With the proliferation of more advanced and freely available toolsets, commoditization of attack launch platforms, and availability of wholesale large-capacity network bandwidth for rent, cyberattack velocity is ramping up. If there’s a new vulnerability released you’ll get hit harder and sooner, and you'll have less time to patch – and that’s if there are patches at all. Got an IoT device? Patches can be even more unpredictable.

From UEFI attacks now seen in the wild, to mobile, macOS and other platforms, vulnerabilities get hit from several directions. Where we used to focus on Windows platforms, now there are multiple attack vectors to defend against.

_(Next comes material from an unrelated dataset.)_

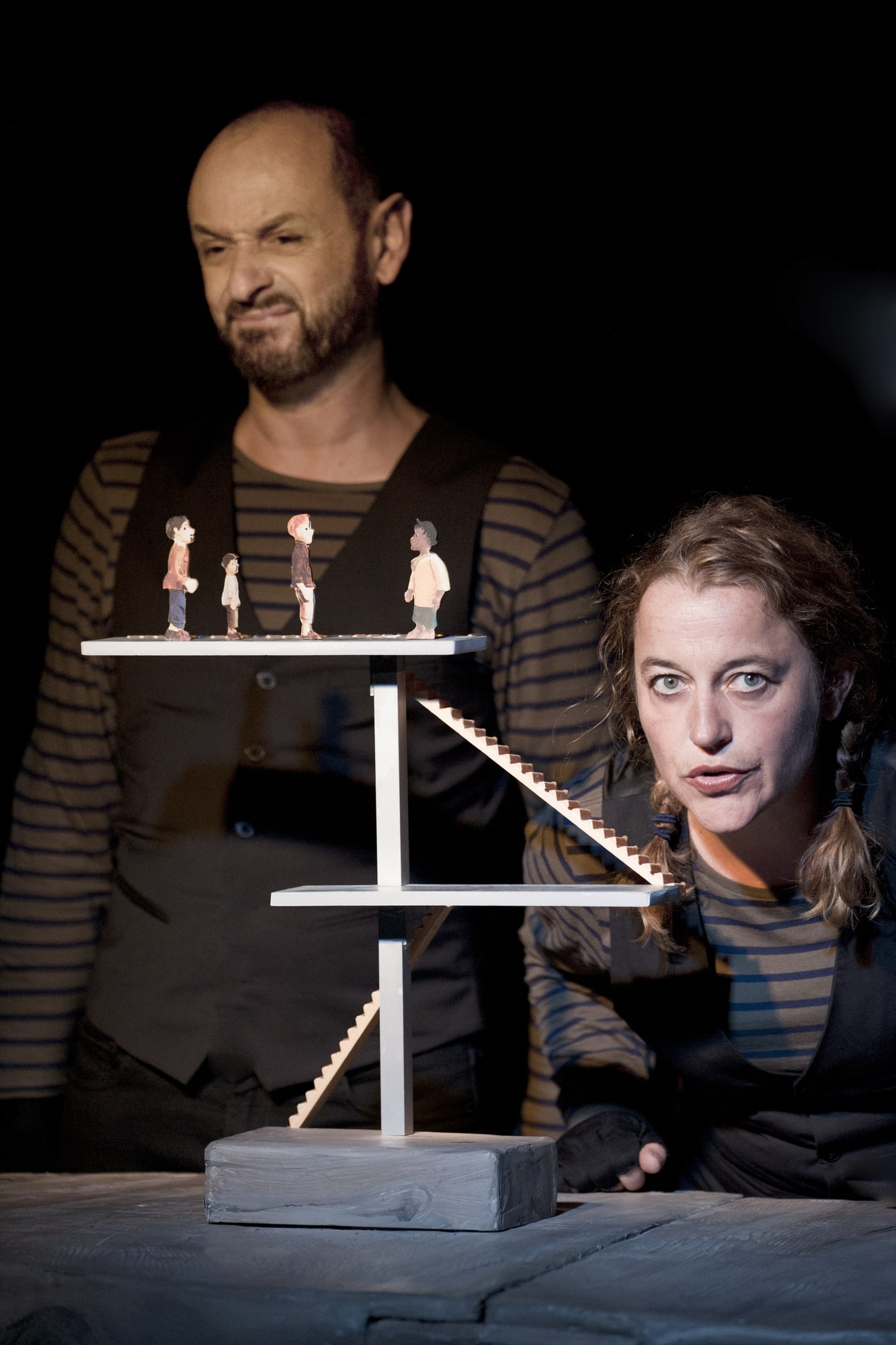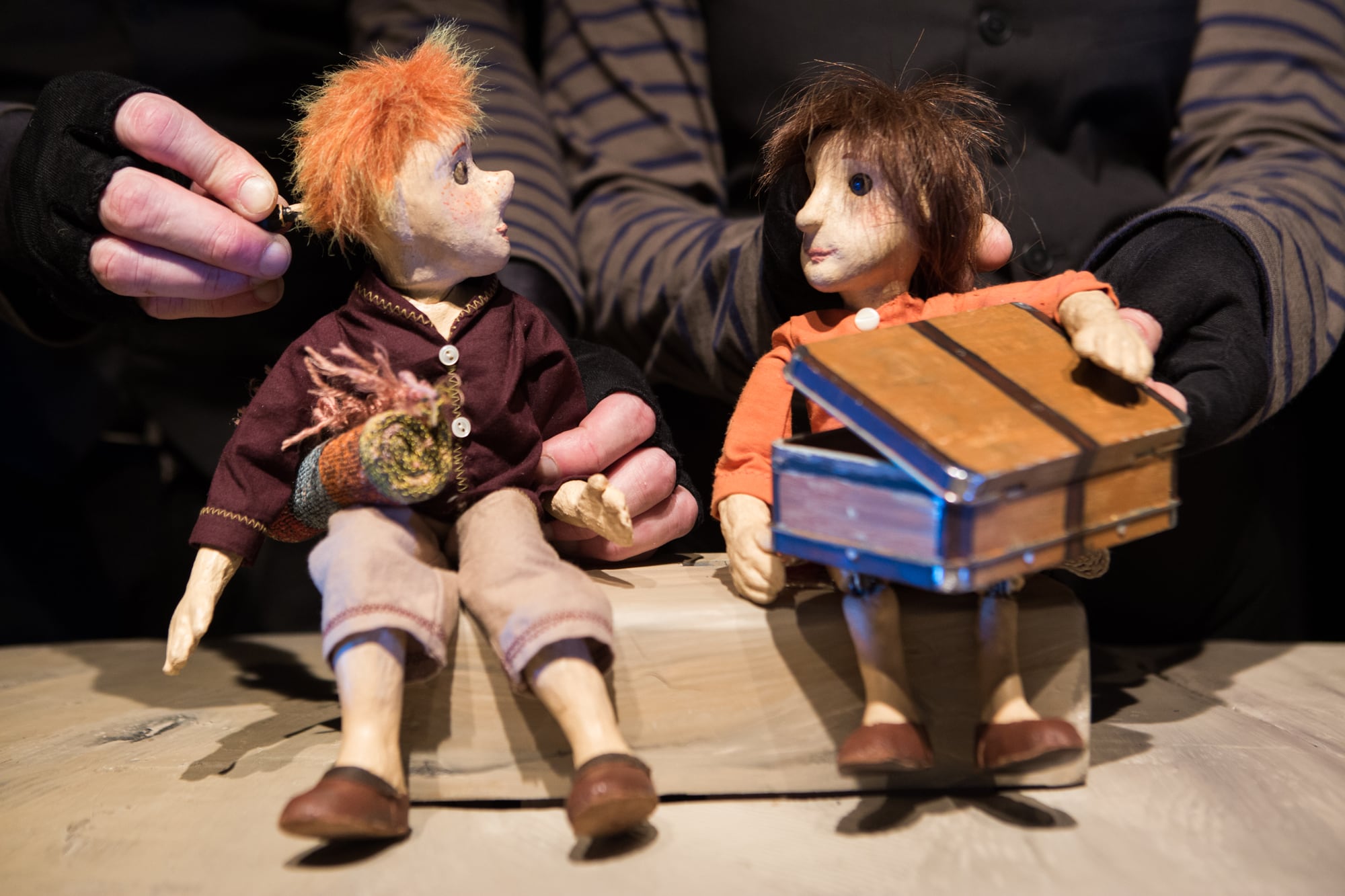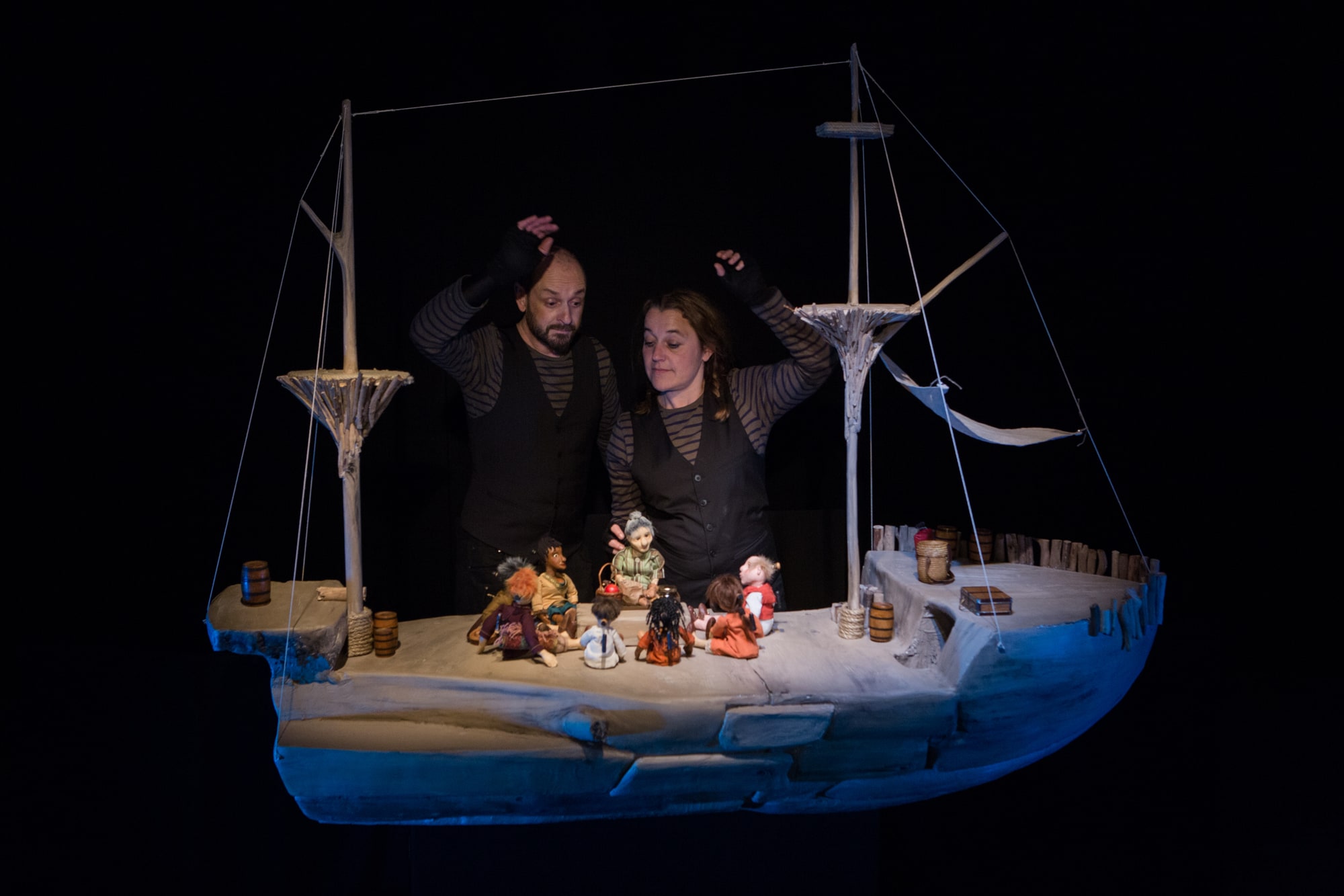 Les marionnettes, personnages embarquées pour la traversée, sont manipulées à vue, selon le principe de la « manipulation sur table ».

If scammers can gain access to your cloud data, for example, containing things like corporate email, document shares and sales information, they can reap vast troves of valuable information not even located on your infrastructure, often without your knowing.

Since the sprawl of data mirrors the spread of valuable data, Virus Bulletin speakers focus on network defenses and instrumentation to make sure the “crown jewels” in your company will still be protected. In short, the perimeter is now everywhere, so how do you protect it?

Conferences like Virus Bulletin (VB) seek to expose the latest tactics of the scammers, with the hopeful intention being to help others to shore up their customers’ defenses. But baked into the process of publishing and preparing for a speech at the venue, there is the process of notification of the affected vendors and customers, which can add delays in defending against the bad guys, though VB's 'last-minute' papers often add a welcome insight into leading-edge research.

To combat these issues, the community has a series of trust groups and information exchanges that seek to smooth the process, in a procedure called “responsible disclosure” to fellow security researchers.

Meanwhile, as a consumer of data, it becomes more important for you to protect those data in different ways.

First, understand the nature of your data. If you can if you can characterize your data (and how else can data be transformed into information?) you can determine what response and protection would be needed. If you have some generic, useless data stored somewhere, it may not warrant locking down to some unpractical level of rigor. This will free up resources to focus on more critical data elsewhere.

Second, encrypt everything that you can. In this way, even if a breach occurs, it will be much more difficult and require more effort to extract anything of value. Luckily, encryption tools are getting easier to use and more ubiquitous, so it should be much simpler to roll them out to your organization.

Many products these days can encrypt data with the flick of a couple of virtual buttons, so you don’t have to be a security ninja. If budget is an issue, there are free tools available as well, and some (not all) of them are even easy to use.

Also, find ways to visualize something resembling a security “scorecard” across your organization, so you can triage and escalate potential problems quickly, and if there’s a problem you can focus resources appropriately and quickly. Even better is to have a way to correlate security events across your network so you can spot more sophisticated or coordinated attacks at the first sign.

While you work on securing your organization, the security industry here at Virus Bulletin will continue to work out and optimize the rules of engagement for responsible disclosure, and reducing the time it takes to help vendors and customers be protected. But in the meantime, these steps outlined will go a long way toward keeping your data safe if “bad things” happen, even as the velocity ramps up.